É fascinante a história desse partido nanico, contraditório e rebelde,
chamado de PSB. Desconhecê-la é imaginar que a história do Brasil começa
agora, o resto não conta.
A primeira versão do PSB surgiu em 1932, fez parte da Aliança Nacional
Libertadora que tentava enfrentar a onda fascista que varria o país. Foi
extinto em 1937, com a promulgação do Estado Novo.
A segunda edição coincide com a democratização de 1945, sob o nome de
Esquerda Democrática. Mais do que designação, uma proposta doutrinária.

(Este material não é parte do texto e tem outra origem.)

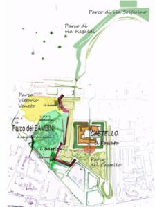 "Il progetto - si legge nel documento - interessa il sistema costituito dal Castello-Parco dei Bambini-Viali e Baluardi della città di Novara e attua un processo di rigenerazione degli spazi pubblici urbani trasformandoli in spazi strutturati e accoglienti, giocosi, educativi, permeati da un rinnovato sistema di valori estetici e creativi, continuativamente arricchiti dalle attività pratiche e spontanee dei suoi abitanti. Il Parco dei Bambini diventa il cuore del verde pubblico e il Castello si apre alla città con nuove funzioni e dinamiche. Il Parco diventa un paesaggio poetico da esplorare e conoscere giocando e guardando: racconterà le storie del mondo attraverso immagini, parole e suoni, attraverso la voce degli alberi, i primi protagonisti della sua storia. Avrà ampi spazi aperti e liberi per le attività spontanee tra grandi e bambini. Parco dei bambini la Geografia e il legame della città con il territorio - Viali del mondo (mappamondo/seduta, nastro/tubo) - Alberi parlanti (percorso didattico) - Pergolato dei suoni - Casa sull’albero/casa grembo - Teatro del mondo - Ristrutturazione di manufatti esistenti (tunnel, colline, voliera, gazebo) - Messa in sicurezza dei Bastioni spagnoli della città - Manutenzioni (percorsi a raso, prato, aiuole, preesistenze). La natura offre materiali e scenografie che il pubblico scopre e gode, finché la natura non se le riprende. Il progetto propone una relazione Uomo-Natura che non sia più prevaricazione, ma rispetto, dialogo, collaborazione e ricerca di nuove possibilità di intervento in spazi aperti e naturali. Coniuga intervento estetico e creatività. La città di Novara ha storicamente saputo essere anticipatrice dello studio e dell’insegnamento del design e delle arti applicate con la significativa esperienza della Scuola Politecnica di Design, SPD-1954 in particolare con la figura di Nino Di Salvatore (Verbania 1924- Milano 2001). A Novara, Nino di Salvatore fu fondatore e direttore della prima scuola in Italia per il design e la comunicazione: fondò il “Centro Studi Arte/Industria” che sarebbe diventato Scuola di designer, primo Istituto in Italia didatticamente caratterizzato dai principi della gestalt psychologie. Reinterpretare, Riqualificare, Ridisegnare gli spazi pubblici non progettati e i percorsi “tra le cose” attraverso il lavoro dei bambini rielaborato da professionisti e finalizzato alla creazione di processi artistici creativi innovativi, strutturati e applicati allo spazio pubblico. Collegare direttamente la scuola allo spazio pubblico della città, attraverso laboratori progettuali e didattici finalizzati alla trasformazione dell’eterogeneità delle idee in progetti concreti. Raccontare la città e i suoi abitanti realizzando piccole architetture, manufatti che siano il risultato della comunicazione partecipata tra bambini e adulti con la città. Realizzare un Museo dei Bambini a cielo aperto".
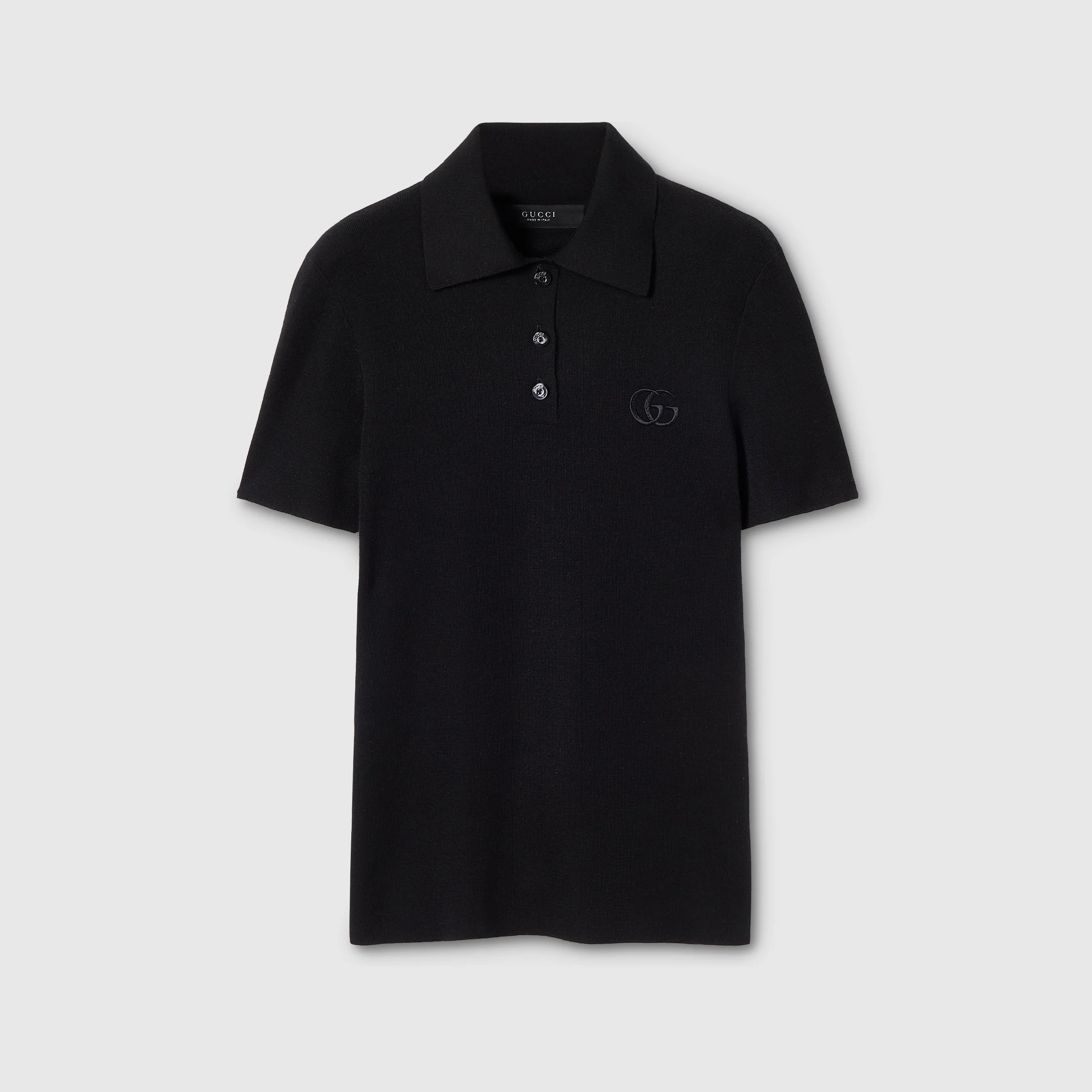Introducing Spring Summer 2026. This style is inspired by the "La Gallerista" look of La Famiglia. The collection reinterprets the House’s codes through singular personalities and distinctive aesthetic attitudes. Crafted from fine cashmere silk, this polo shirt is enriched with a Double G embroidery. - Black fine cashmere silk - Rib trim - Double G embroidery - Polo collar - Short sleeves - Length: 23.4", based on a size XS - Made in Italy - Fabric: 70% Cashmere, 30% Silk - Trimming: 65% Cashmere, 26% Silk, 7% Polyamide, 2% Elastane - Embroidery: 100% Polyester
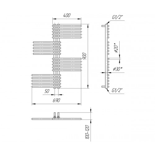 Водяной полотенцесушитель Премиум Симфония 900x690 с межосевым растоянием для подключения 50мм, диметр подключения G 1/2'' состоит из 20 ребер. Полотенцесушитель Премиум Симфония производсветнного предприятия Mario изготовлен из нержавеющей стали АІSI 304 может быть оборудован электрическим теном.
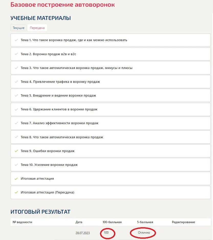 Итоговая аттестация (Пересдача)
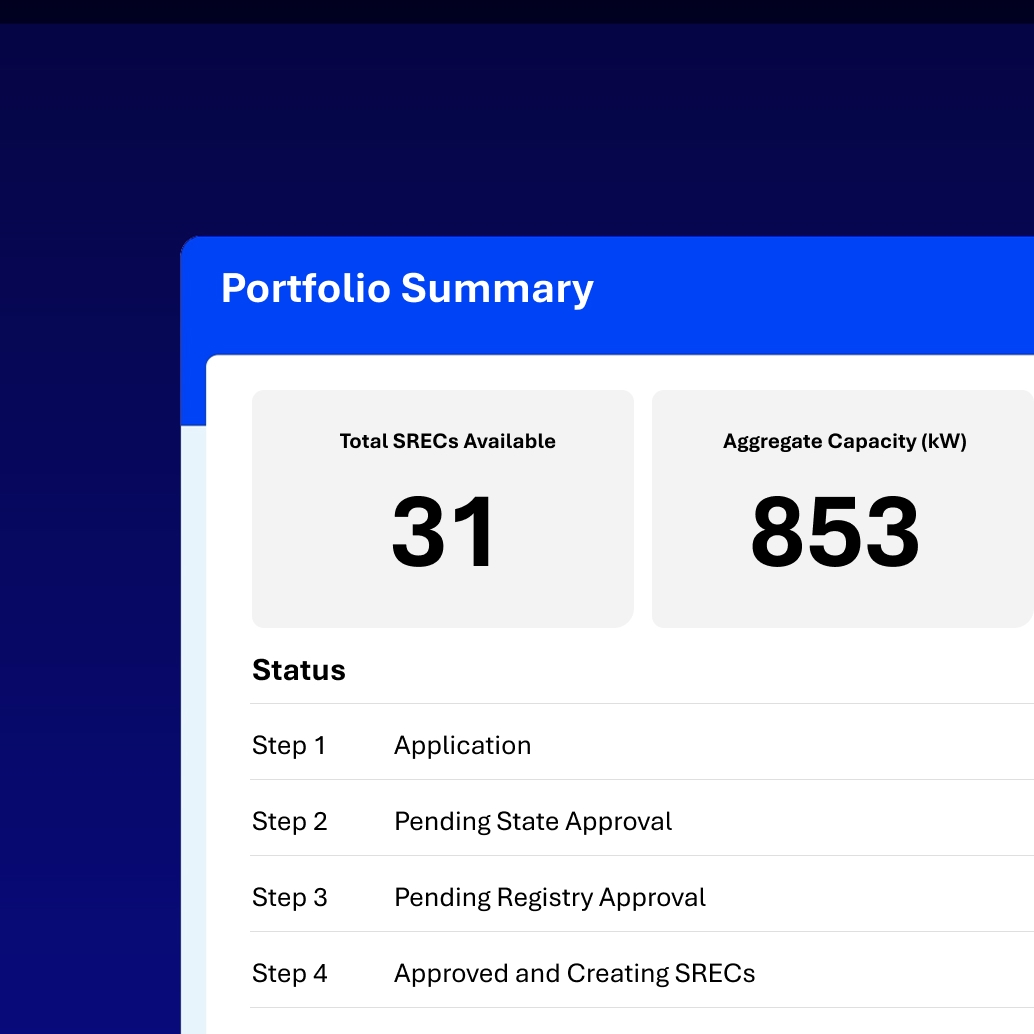 - Track registration status and SREC payments in real time

Reserva moral e política inspirada nos fabianos ingleses,
socialistas-reformistas que acabaram absorvidos pelo Partido
Trabalhista.
A Esquerda Democrática era, na verdade, a ala esquerdista da
conservadora União Democrática Nacional (UDN). Recusava os acenos do
Partido Trabalhista Brasileiro (PTB), ferrenha adversária de Getúlio
Vargas, o pai do Estado Novo fascista. Tal como os fabianos ingleses era
o partido dos intelectuais (entre eles Rubem Braga, Joel Silveira,
Sergio Buarque de Hollanda, Antonio Cândido, José Lins do Rego, Raimundo
Magalhães Jr; na Inglaterra, suas figuras emblemáticas foram G.B. Shaw e
H.G. Wells).
Depois de sua criação como partido autônomo (1948), o PSB chegou a
abrigar uma ala trotskista (capitaneada por Edmundo Muniz e Mario
Pedrosa, virulentamente anti-stalinistas). No entanto o partido defendeu
o PCB quando o governo Dutra começou as manobras para colocá-lo na
ilegalidade. Os seus expoentes foram Hermes Lima e João Mangabeira,
ambos com destacada atuação no breve interregno parlamentarista no
mandato de João Goulart.
Em 1953 o PSB produziu um fato novo na política brasileira quando o
desconhecido Jânio Quadros foi eleito prefeito de São Paulo pela
coligação de duas pequenas agremiações (PTN e PSB) e derrotando todos os
grandes partidos (UDN, PSD, PTB e PSP). A tabelinha repetiu a façanha
em 1954 levando o mesmo Jânio ao governo de São Paulo.
Outro retrocesso
A terceira edição do PSB é fruto da redemocratização de 1985. Um
intelectual de alto quilate, Antonio Houaiss, foi um de seus
articuladores. O pernambucano Jarbas Vasconcelos, hoje senador pelo
PMDB, uma de suas estrelas. Figura mais visível, Miguel Arraes, avô de
Eduardo Campos.
No passado o jornalismo político era praticado no Congresso, de olho na
literatura, na história, nas referências internacionais. No fim dos
anos 1990, o jornalista Márcio Moreira Alves (1936-2009) tirou-o da
Praça dos Três Poderes e o levou para a Esplanada dos Ministérios para
apanhar sol e oferecer ao eleitor o debate sobre políticas públicas. Não
colou, depois da sua morte não apareceram sucessores. A cobertura
política passou a ser feita por meio do celular, nos restaurantes,
soprada por “fontes” e assessores.
Doravante, a política será ditada pelos pesquisadores e marqueteiros
empunhando laptops e tablets. Partidos agora são tantos e tão iguais que
passaram a ser identificados com números.
Eleição virou campeonato,
corrida, loteria. Um novo retrocesso é inevitável: a reforma política só
poderá avançar quando mudar a cobertura política.